Emilia ha due madri.
La prima è quella che l’ha messa al mondo, la notte di San Lorenzo di quasi mezzo secolo fa.
Quel giorno, Antonia si era svegliata con l’idea di raggiungere il marito. Lassù, alla malga.
Era entrata già nel settimo mese ma si era messa in cammino, ignorando le proteste di sua madre e di sua nonna. Le due donne le erano state appresso, pregando e imprecando, fino a quando il sentiero si era impennato fra i castagni mozzando loro il fiato. Le voci, però, l’avevano seguita per molti passi. Poi, solo il rumore del ruscello e il canto del tordo a rompere la calura.
Quando Giulio l’aveva vista al limitare del prato, aveva pensato che la solitudine di quei mesi all’alpeggio, con l’unica compagnia delle sue mucche e di Argo, il cane da guardia, gli avesse fatto male al cervello. Ma quando l’aveva avuta fra le braccia, con quel profumo che gli ricordava la torta di pane con l’uvetta, si era ricordato che Antonia dei due era la più forte e che nulla, nella vita, avrebbe potuto fermarla.
«Mamma, ma tu lo sapevi che sarei nata quello stesso giorno?» Chiedeva Emilia da bambina, ogni volta che la nonna raccontava quel fatto con l’espressione di chi, da quella giornata, non si era ancora ripresa.
«Certo! Ti pare che avrei potuto partorire a casa, con nonna che si agitava per nulla?» Rispondeva Antonia.
Perché lei era fatta così. Pensiero e azione. Macché dubbi e tentennamenti. Aveva sempre avuto risposte per ogni cosa e rassicurazioni per chiunque.
Eppure non le erano mancati momenti di sconforto, come quando il marito non aveva fatto più ritorno da un’ascensione sul Monte Bianco.
Nemmeno quando un dottore, senza mezzi termini, le aveva rivelato che quel nodulo al seno era un tumore maligno. Sì, nemmeno allora Antonia si era data per vinta.
Lei e Emilia erano scese sino a Torino, dove la ragazza frequentava l’Università, per comprare una parrucca. Di capelli veri, perché, aveva dichiarato: «Se si deve prendere in giro qualcuno, allora bisogna farlo bene.»
Ma un giorno, mentre Emilia è seduta in cucina in attesa del caffè, vede sua madre mettere il sale nelle loro tazzine. Ridono insieme di quell’attimo di distrazione. Ma è molto, molto di più.
Emilia ha due madri.
La seconda è quella che va a trovare ogni giorno, percorrendo quei diciotto chilometri di curve e tornanti che ora le separano.
La trova seduta vicino alla finestra del tinello, in ogni stagione.
Antonia, che amava il suo giardino e vi trascorreva la maggior parte del tempo, ora ne ha paura. Quando Emilia la porta sul terrazzo, guarda con apprensione i pini, così alti da sfiorare i fili della luce. Sono quelli che un tempo avevano addobbato insieme, con le lucine e le bocce di vetro colorate e che poi lei stessa aveva messo a dimora.
«Che paura!», dice ora alla figlia. «Rientriamo in casa».

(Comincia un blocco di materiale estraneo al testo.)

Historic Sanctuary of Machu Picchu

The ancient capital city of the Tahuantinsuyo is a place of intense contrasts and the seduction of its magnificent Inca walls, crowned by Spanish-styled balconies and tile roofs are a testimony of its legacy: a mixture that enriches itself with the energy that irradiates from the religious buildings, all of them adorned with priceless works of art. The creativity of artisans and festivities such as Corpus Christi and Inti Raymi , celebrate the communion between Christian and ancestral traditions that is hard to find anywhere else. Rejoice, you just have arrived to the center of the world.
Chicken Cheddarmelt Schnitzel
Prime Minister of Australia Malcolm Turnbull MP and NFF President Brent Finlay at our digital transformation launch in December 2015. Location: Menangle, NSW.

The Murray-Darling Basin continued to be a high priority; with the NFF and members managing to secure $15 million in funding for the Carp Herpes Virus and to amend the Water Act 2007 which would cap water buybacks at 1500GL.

Ci sono pomeriggi in cui Emilia la trova intenta a frugare in una borsetta. Nemmeno risponde al suo saluto. Poi, all’improvviso, sembra accorgersi della sua presenza. Allora i suoi occhi celesti si riempiono di lacrime per la commozione.

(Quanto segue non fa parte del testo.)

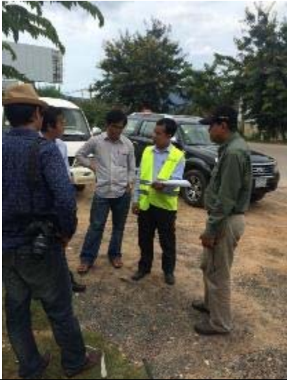
Discussion of existing pipe clean up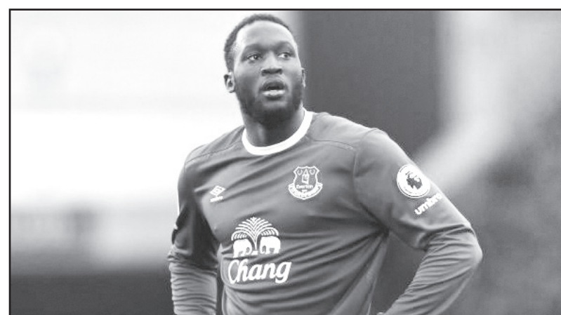
Lukaku wants to leave Everton this summer and United have stolen a march on Chelsea.

British media reported that the fee for the 24-year-old would be around 75 million pounds,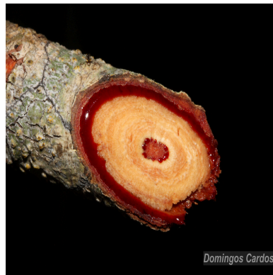
Figure 6: Aldina latifolia Spruce ex Beth.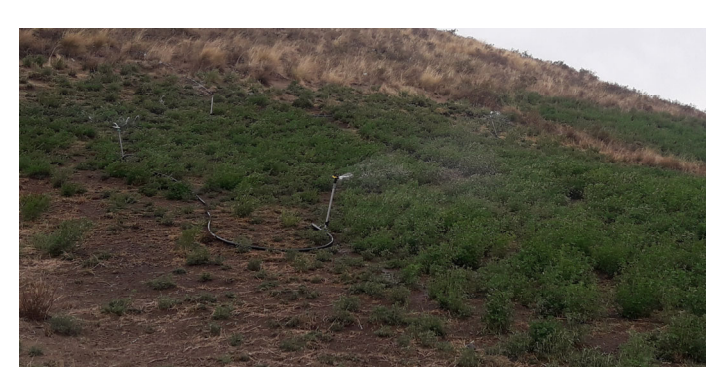
Sprinklers in Lari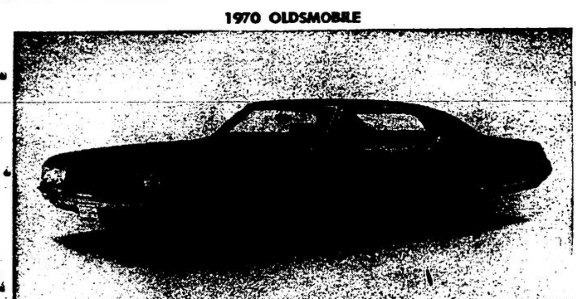
The 1970 Oldsmobiles feature new body styling, with many engineering improvements and safety innovations. These cars are available in distinctive 96 and 88 series, Toronado and F-85, Cutlass, Cutlass Supreme and 442 series. A new model is the Cutlass Supreme Holiday Coupe, seen above, featuring a notch back roof line and ultra-luxurious interior.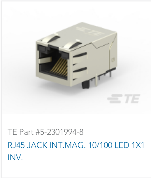
TE Part #5-2301994-8 RJ45 JACK INT.MAG. 10/100 LED 1X1 INV.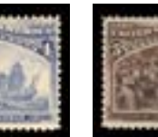
OFFER #22017 #234, LH OUR PRICE $50-

CALL OR EMAIL TO RESERVE SEND YOUR WANTLIST TODAY!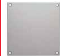
UNION 5066-06 3.30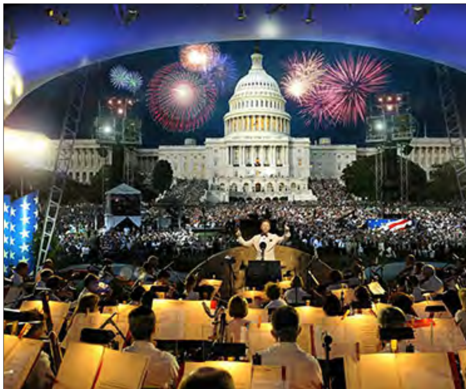
A CAPITOL FOURTH Thursday, July 4 | 8:00/9:30 pm Pictured: National Symphony Orchestra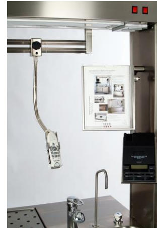
Flexible microphone holder mounted to the railing system FHH-RS-500 Art. No. 060.015.035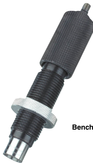
Bench Rest Seater Dies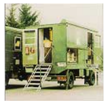
Shelter Kitchen EKÜ II The new generation of permanently mounted shelter kitchens from Kärcher for the German frontier guard.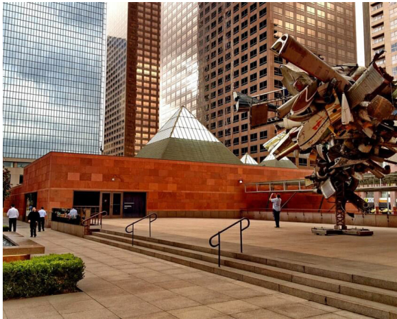
📍 MOCA MUSEUM

«Sei arrivata. Come sono felice!»
Emilia le prende le mani, le accarezza. Le sembrano ogni volta più fredde. Non resiste a porle quella domanda. «Sai chi sono, vero?»
«Ma certo», risponde Antonia fiduciosa. «Sei la mia mamma».

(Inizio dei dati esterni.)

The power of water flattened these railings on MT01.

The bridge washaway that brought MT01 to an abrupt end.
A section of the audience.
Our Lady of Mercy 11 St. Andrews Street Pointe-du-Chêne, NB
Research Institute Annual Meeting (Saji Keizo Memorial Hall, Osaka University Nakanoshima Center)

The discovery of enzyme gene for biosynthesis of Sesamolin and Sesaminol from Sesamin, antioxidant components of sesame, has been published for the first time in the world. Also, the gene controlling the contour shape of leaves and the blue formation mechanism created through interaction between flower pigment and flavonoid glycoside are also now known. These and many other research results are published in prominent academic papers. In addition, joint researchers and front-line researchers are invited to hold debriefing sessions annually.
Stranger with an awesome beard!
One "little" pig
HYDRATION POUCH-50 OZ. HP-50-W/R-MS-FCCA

Le prime volte Emilia non l’accetta. Tutto quell’amore ricevuto e ricambiato, si chiede, dov’è andato a finire?
Ma qualche volta Antonia le parla di lei. Di quella figlia bellissima che le dà tante soddisfazioni.
«La maestra, al colloquio, mi ha detto che mia figlia da grande sarà una scrittrice», dice fiera.
«E tu, a Emilia, vuoi bene?» domanda la figlia, con il magone che le sale dentro.
Antonia la guarda e sembra non trovare le parole per raccontarlo, questo amore infinito.
E allora fa un gesto semplice, con le mani. Le unisce, a creare un piccolo nido e ci guarda dentro, con tutta la tenerezza del mondo.